With EdX, School’s Out—Forever
Brian Ho sits at a desk in his home in suburban Honolulu, staring at a computer screen. He’s already worked a full day at his software development company, but instead of taking this June evening to relax, the self-taught computer programmer is trying to “put together” a circuit on his screen. The 51-year-old attaches wires to batteries, diodes, and capacitors in a virtual laboratory that appears on his monitor. It’s not easy—but then again, the Massachusetts Institute of Technology never has been.

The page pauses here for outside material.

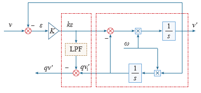 D(s) and Q(s) are secondary band pass filters. Judging from Fig.3, it can be seen that improved OSG-SOGI structure can eliminate the DC constituent of output signal v′ by negative feedback, meanwhile, and eliminate the DC constituent of output signal qv′ by adding a low pass filter.
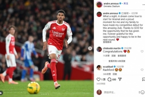 安努斯寫道:“多么美妙的夜晚。為阿森納首發是夢想成真,我和家人都為我為這家了不起的俱樂部完成正式首秀而感到自豪。感謝上帝賜予我的這個機會,永遠感激這次機遇,并為成功晉級下一輪感到開心。??”

This past March, Ho signed up for MIT’s first online course taught by a real professor, with actual grades. For Ho, who’d barely scraped his way through high school before earning an electrical engineering degree from the University of Hawaii in 1992, this was a chance to take a course at the school he once dreamed of attending. For MIT, it was a test run of a new educational venture it had dubbed MITx. The idea behind MITx is to offer a full class on the Internet, taught by a tenured professor, complete with video lectures, tutorials, and graded assignments. Anyone can sign up, for free. At a time when tuition and fees at private universities are averaging more than $28,000, that price has attracted a lot of interest.
And the MIT project is actually part of a movement. In the past year a new wave of education startups have been pushing the radical notion that knowledge is important, but a diploma isn’t. Whether it’s computer programming or corporate communications, goes the thinking, an expert understanding of the subject is far more important to an employer than a college transcript. And this isn’t just some hazy theoretical musing. Investors are making big bets on it. This past spring, for example, two competency-focused startups offering free online classes—Coursera and Udacity—spun out of Stanford University. Each of them has received millions in venture funding despite lacking a public business model to make money.
MIT was hoping to enroll a mere 2,000 students for its first class on circuits—it was, after all, a course in electrical engineering. Anant Agarwal, the professor, took his on-campus course designed for math and science whizzes and adapted it into an online format. The response was staggering: More than 150,000 students of all ages and education levels, from Massachusetts to Argentina to Pakistan, signed up. Harvard was so impressed that in May, it joined forces with MIT. The two schools pooled $60 million in resources and renamed the venture edX. The stated mission was to educate a billion people around the world.
Many of the students in that first course were like Ho: years out of college and looking to improve their knowledge—or just wanting to be able to say that they were “taking a course at MIT.” The potential of edX, though, goes far beyond teaching older students. It could become an entirely new model not just for undergraduate education, but for education, period. Faculty and supporters argue that it has the potential to transform how students learn. It might also make an expensive four-year degree a luxury in the modern workforce rather than a necessity. By educating the world free of charge, edX could make MIT and Harvard obsolete.
But just how revolutionary is all of this? Is putting a bunch of lectures and playing with circuits online really the same as a well-rounded classical education? And how can classes on the Internet possibly replicate the on-campus experience?
That’s not the point, say supporters. They’re not looking to replicate college, they’re looking to disrupt it. “If people have been skeptical about online learning or its place in the future, edX throws that theory to waste,” says Michael Horn, an executive director of the Innosight Institute, a Silicon Valley-based think tank focused on education and healthcare innovation.“To see Goliaths like Harvard and MIT enter the arena sends a powerful signal. It is very exciting and is going to transform education in pretty profound ways.”
In his Hawaii home, Ho types in an answer and within seconds a bright green check mark pops up on his screen. He got the question right. “It’s instant gratification, like playing a video game,” he says. “Everyone who takes the class online says they’re addicted to the green check mark. We joke that this isn’t just an engineering course, it’s also a psychology thesis.”